[Opening DATA IN THIS EXERCISE section]
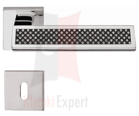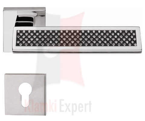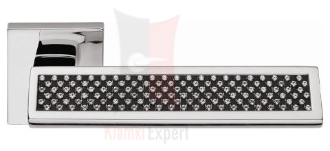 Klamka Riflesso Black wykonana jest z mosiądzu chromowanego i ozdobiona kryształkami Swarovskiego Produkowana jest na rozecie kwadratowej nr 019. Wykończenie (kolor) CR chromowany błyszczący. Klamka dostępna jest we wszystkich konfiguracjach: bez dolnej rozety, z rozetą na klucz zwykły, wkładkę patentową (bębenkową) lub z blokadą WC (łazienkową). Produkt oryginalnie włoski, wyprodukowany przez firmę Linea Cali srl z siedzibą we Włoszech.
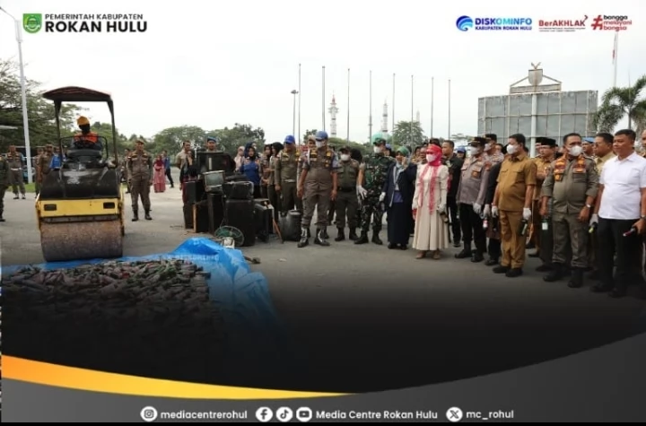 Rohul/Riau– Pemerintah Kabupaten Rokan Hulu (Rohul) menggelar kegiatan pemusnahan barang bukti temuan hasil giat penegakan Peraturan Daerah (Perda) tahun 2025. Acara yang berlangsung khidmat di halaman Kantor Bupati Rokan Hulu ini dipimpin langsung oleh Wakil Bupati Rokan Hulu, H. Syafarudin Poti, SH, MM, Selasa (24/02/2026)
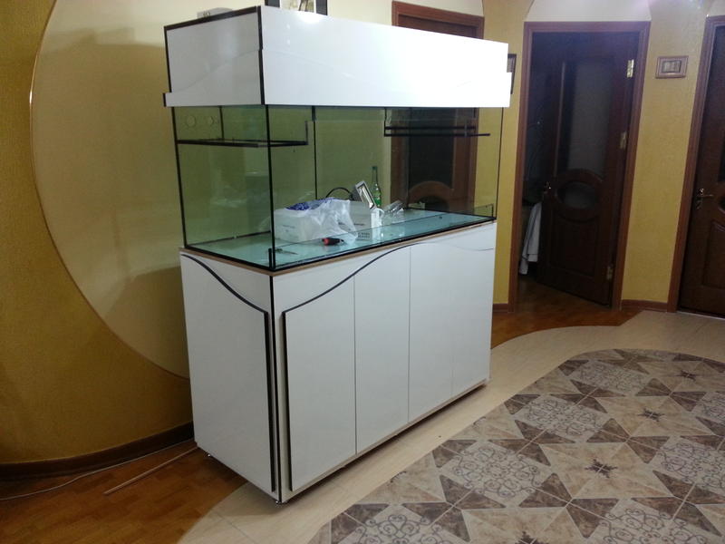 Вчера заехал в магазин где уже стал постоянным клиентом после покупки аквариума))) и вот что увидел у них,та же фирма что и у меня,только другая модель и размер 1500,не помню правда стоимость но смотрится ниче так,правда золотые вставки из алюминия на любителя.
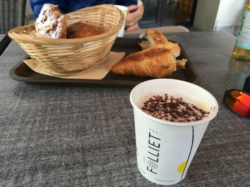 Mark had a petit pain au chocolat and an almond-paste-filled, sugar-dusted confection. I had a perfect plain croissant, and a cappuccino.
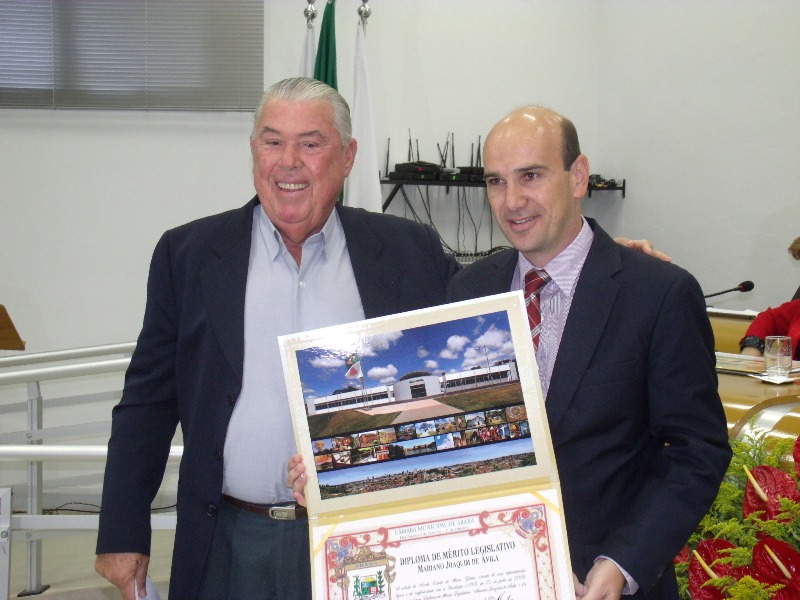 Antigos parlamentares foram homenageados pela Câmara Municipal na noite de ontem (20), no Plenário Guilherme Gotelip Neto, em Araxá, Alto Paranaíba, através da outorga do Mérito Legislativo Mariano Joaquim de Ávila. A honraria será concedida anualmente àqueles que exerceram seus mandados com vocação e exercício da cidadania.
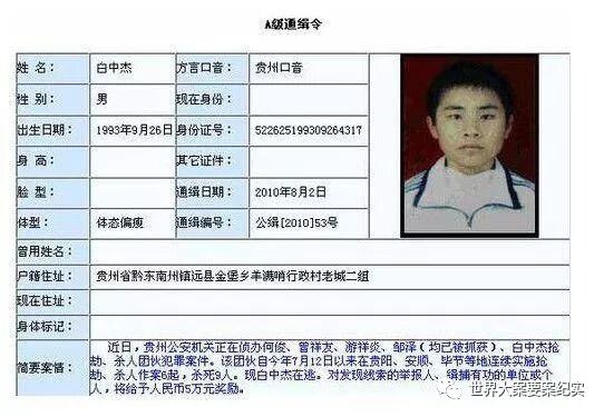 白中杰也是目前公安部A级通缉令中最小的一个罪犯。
[Closing DATA IN THIS EXERCISE section]
[Opening DATA IN THIS EXERCISE section]
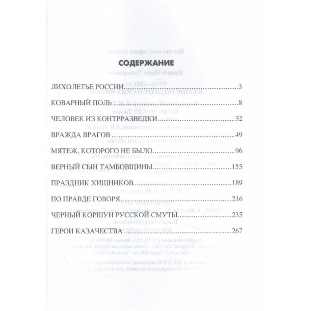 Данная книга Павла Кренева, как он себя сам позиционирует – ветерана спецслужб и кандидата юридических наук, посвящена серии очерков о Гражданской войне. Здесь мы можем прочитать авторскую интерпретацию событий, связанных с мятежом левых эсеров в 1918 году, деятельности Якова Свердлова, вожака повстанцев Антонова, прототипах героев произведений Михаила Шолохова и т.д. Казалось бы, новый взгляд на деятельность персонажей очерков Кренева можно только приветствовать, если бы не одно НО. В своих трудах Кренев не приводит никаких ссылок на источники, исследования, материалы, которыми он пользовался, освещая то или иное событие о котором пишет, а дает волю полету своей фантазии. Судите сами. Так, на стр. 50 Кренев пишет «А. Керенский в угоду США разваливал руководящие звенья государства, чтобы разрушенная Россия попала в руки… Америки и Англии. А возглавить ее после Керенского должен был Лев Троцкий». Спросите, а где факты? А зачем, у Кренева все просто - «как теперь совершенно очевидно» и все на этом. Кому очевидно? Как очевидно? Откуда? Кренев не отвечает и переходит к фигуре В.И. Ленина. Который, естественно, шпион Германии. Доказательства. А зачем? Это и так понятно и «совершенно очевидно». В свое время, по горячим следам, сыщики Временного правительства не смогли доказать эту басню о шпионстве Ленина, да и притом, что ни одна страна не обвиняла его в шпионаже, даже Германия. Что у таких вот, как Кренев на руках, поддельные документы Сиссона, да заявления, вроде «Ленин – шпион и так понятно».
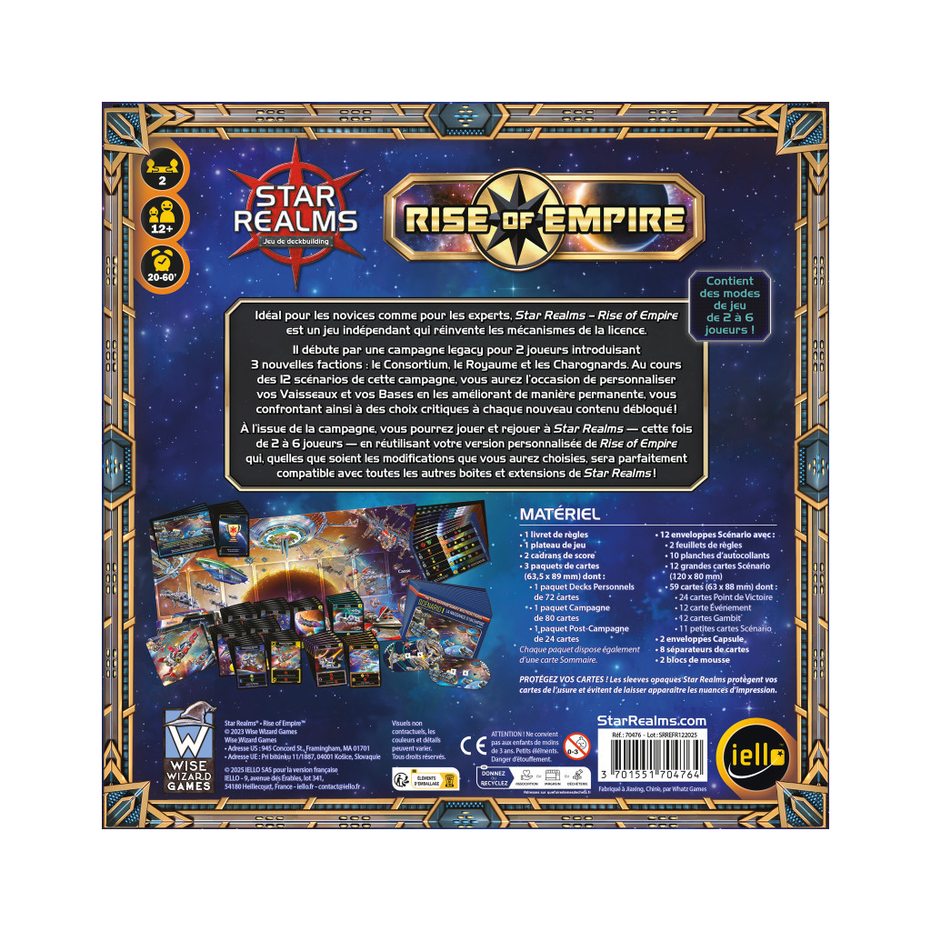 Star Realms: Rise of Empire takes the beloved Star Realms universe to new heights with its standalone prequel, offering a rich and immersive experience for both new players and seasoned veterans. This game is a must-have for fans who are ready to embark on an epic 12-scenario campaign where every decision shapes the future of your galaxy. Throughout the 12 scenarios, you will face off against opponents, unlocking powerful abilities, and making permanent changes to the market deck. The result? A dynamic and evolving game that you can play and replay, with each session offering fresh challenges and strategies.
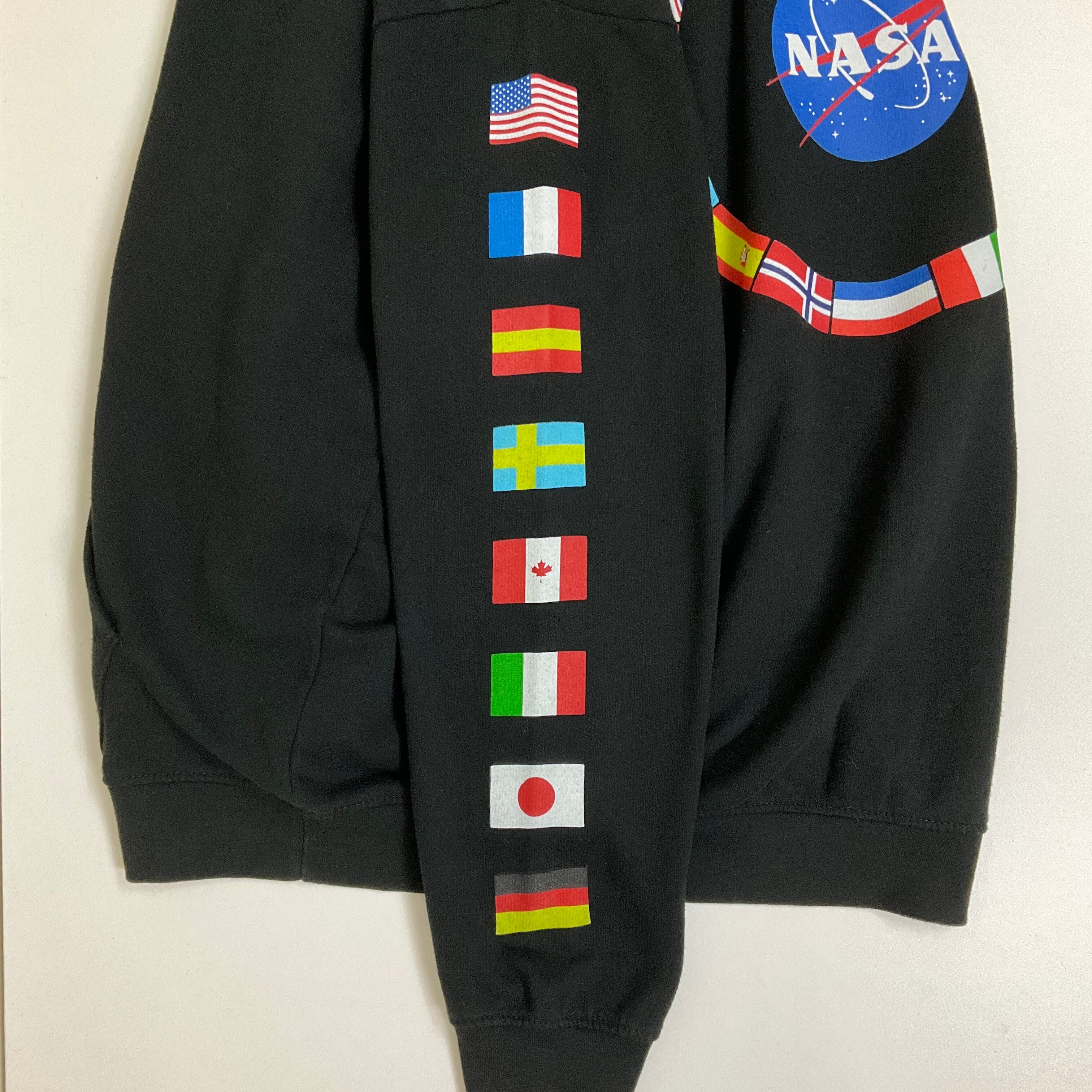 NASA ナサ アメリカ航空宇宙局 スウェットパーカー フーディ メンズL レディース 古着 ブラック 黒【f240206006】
[Closing DATA IN THIS EXERCISE section]
[Opening DATA IN THIS EXERCISE section]
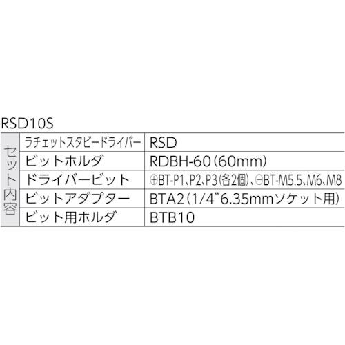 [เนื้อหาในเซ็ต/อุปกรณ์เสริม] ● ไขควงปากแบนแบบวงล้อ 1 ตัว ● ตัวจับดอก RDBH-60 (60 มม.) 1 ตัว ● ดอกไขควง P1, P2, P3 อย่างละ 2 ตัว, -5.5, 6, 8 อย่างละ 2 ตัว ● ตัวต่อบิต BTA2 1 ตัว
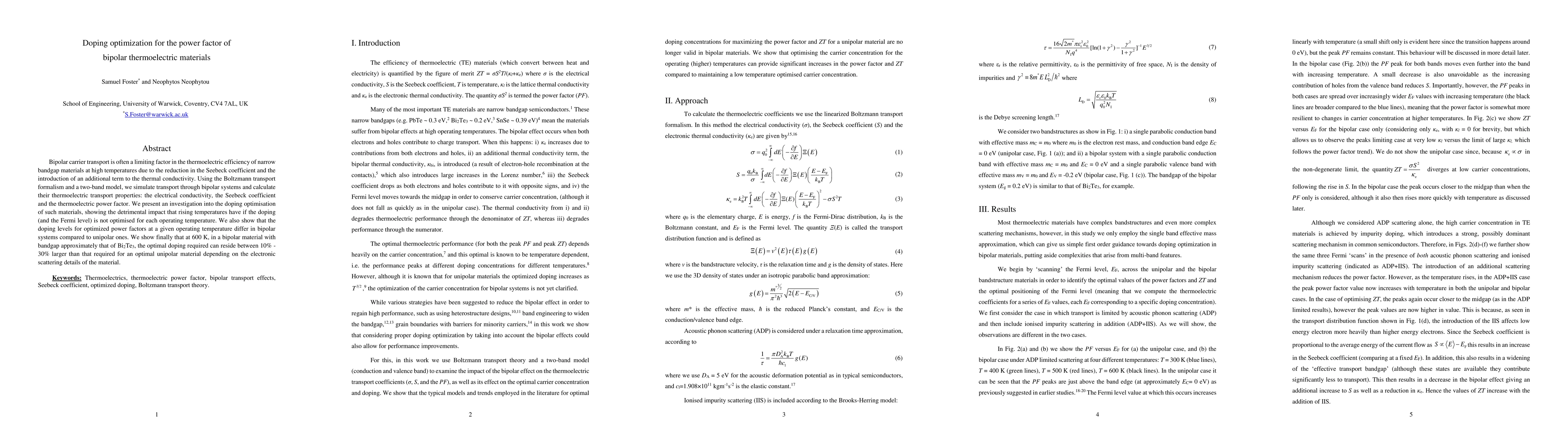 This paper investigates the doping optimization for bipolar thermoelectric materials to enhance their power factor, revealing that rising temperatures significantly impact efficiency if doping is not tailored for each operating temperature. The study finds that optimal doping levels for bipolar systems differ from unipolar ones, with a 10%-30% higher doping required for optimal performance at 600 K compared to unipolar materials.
[Closing DATA IN THIS EXERCISE section]
* _TASK DIRECTIONS_: The material above holds pictures; leave them out. Repeat exactly the lines from the one containing "Klamka Riflesso Black" through the one containing "Mark had a petit", and nothing else.

* _FINAL ANSWER_:
 Klamka Riflesso Black wykonana jest z mosiądzu chromowanego i ozdobiona kryształkami Swarovskiego Produkowana jest na rozecie kwadratowej nr 019. Wykończenie (kolor) CR chromowany błyszczący. Klamka dostępna jest we wszystkich konfiguracjach: bez dolnej rozety, z rozetą na klucz zwykły, wkładkę patentową (bębenkową) lub z blokadą WC (łazienkową). Produkt oryginalnie włoski, wyprodukowany przez firmę Linea Cali srl z siedzibą we Włoszech.
 Rohul/Riau– Pemerintah Kabupaten Rokan Hulu (Rohul) menggelar kegiatan pemusnahan barang bukti temuan hasil giat penegakan Peraturan Daerah (Perda) tahun 2025. Acara yang berlangsung khidmat di halaman Kantor Bupati Rokan Hulu ini dipimpin langsung oleh Wakil Bupati Rokan Hulu, H. Syafarudin Poti, SH, MM, Selasa (24/02/2026)
 Вчера заехал в магазин где уже стал постоянным клиентом после покупки аквариума))) и вот что увидел у них,та же фирма что и у меня,только другая модель и размер 1500,не помню правда стоимость но смотрится ниче так,правда золотые вставки из алюминия на любителя.
 Mark had a petit pain au chocolat and an almond-paste-filled, sugar-dusted confection. I had a perfect plain croissant, and a cappuccino.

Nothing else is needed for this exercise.